Credere, come comunemente si fa, che una macchina senza autoradio sia come una donna che non pratica fellatio (ovvero una cosa di cui disfarsi entro breve), è un errore: al contrario del suddetto modello fallato di femmina, la macchina senza autoradio può dare delle soddisfazioni. Io, per esempio, quando sono in macchina senza autoradio (sempre), spesso mi ripeto a voce alta le poesie che conosco a memoria, col vantaggio di rinfrescarle, e un giorno poterle recitare in pubblico.
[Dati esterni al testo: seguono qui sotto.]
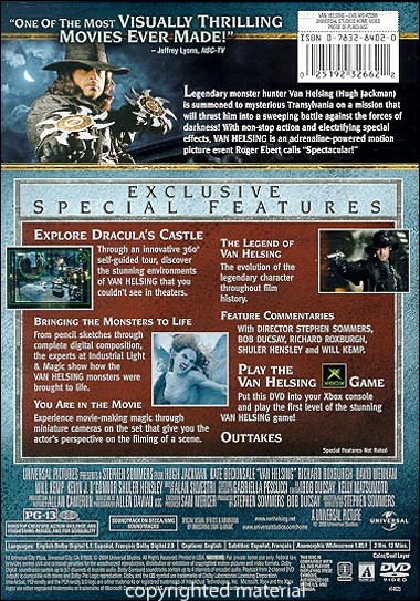 Explore Dracula's Castle Through an innovative 360 Degree self-guided tour, discover the stunning environments of VAN HELSING that you couldn't see in theaters. Bringing The Monsters To Life From pencil sketches through complete digital composition, the experts at Industrial Light & Magic show how the VAN HELSING monsters were brought to life. You Are In The Movie Experience movie-making magic through miniature cameras on the set that give you the actor's perspective on the filming of a scene. The Legend Of Van Helsing The evolution of the legendary character throughout film history. Feature Commentaries With Director Stephen Sommers, Bob Duscay, Richard Roxburgh, Shuler Hensley and Will Kemp Play the Van Helsing Xbox Game Put this DVD into your Xbox console and play the first level of the stunning Van Helsing Game! Outtakes

Però c’è il problema che se le sbaglio non c’è nessuno a correggermi, e non posso neanche controllare, quindi finisce che persevero nell’errore, il che è notoriamente diabolico. Allora ultimamente ho preso l’abitudine di darmi un argomento di conversazione da svolgere da solo, in un teso dialogo interiore, non necessariamente silenzioso (tanto ormai se la gente ti vede parlare o ridere da solo pensa che tu stia conversando al cellulare con l’auricolare impiantato in un’otturazione, e non più, come un tempo, che tu sia matto).

E niente, qualche tempo fa ero in macchina, da solo, senza autoradio. Allora mi sono detto: «Parliamo?», e mi sono risposto: «Prima rinfreschiamo A Silvia». Allora ho insistito: «A Silvia, tutte le volte partiamo bene e poi finisce che dopo la man veloce che percorrea la faticosa tela non sappiamo come andare avanti. È frustrante», «A Zacinto?», «Noiosa», «La Lettera di Egisto Malfatti?», «Già fatta. E poi la facciamo tutte le volte. Perché invece non parliamo un po’? Non parliamo mai, io e te», «Vorrà dire che non abbiamo niente da dirci», «Te ne pentirai, quando non ci sarò più», «Può darsi».
«…», «…».
«Eddai, va bene: non tenermi il muso. Di cosa vuoi parlare?», «Non so», «Letto il giornale?», «Sì, le stesse cose che hai letto tu», «Vedi? Ora sei tu che fai il difficile», «Hai ragione. Ho avuto una giornataccia», «A chi lo dici», «…», «…». «Dai, facciamo così: peschiamo un argomento random dal cervello, una cosa a caso, tanto non è che ce ne siano troppe, là dentro, e poi ne discutiamo. Eh? Ti va?», «Tipo l’aborto?», «Ecco, tipo l’aborto, ma non l’aborto», «Facciamo l’estrazione random?», «Random», «Vado?», «Tra un po’ è finito il post e non abbiamo ancora detto niente», «Hai ragione. Vado», «Vai», «Uh, che bello!», «Cos’è uscito?», «Risorgimento», «Risorgimento?», «Eh, risorgimento. Hai detto random e io ho fatto random», «Ma noi che ne sappiamo del risorgimento?», «Mi sa pochino», «Eh. Mi sa anche a me».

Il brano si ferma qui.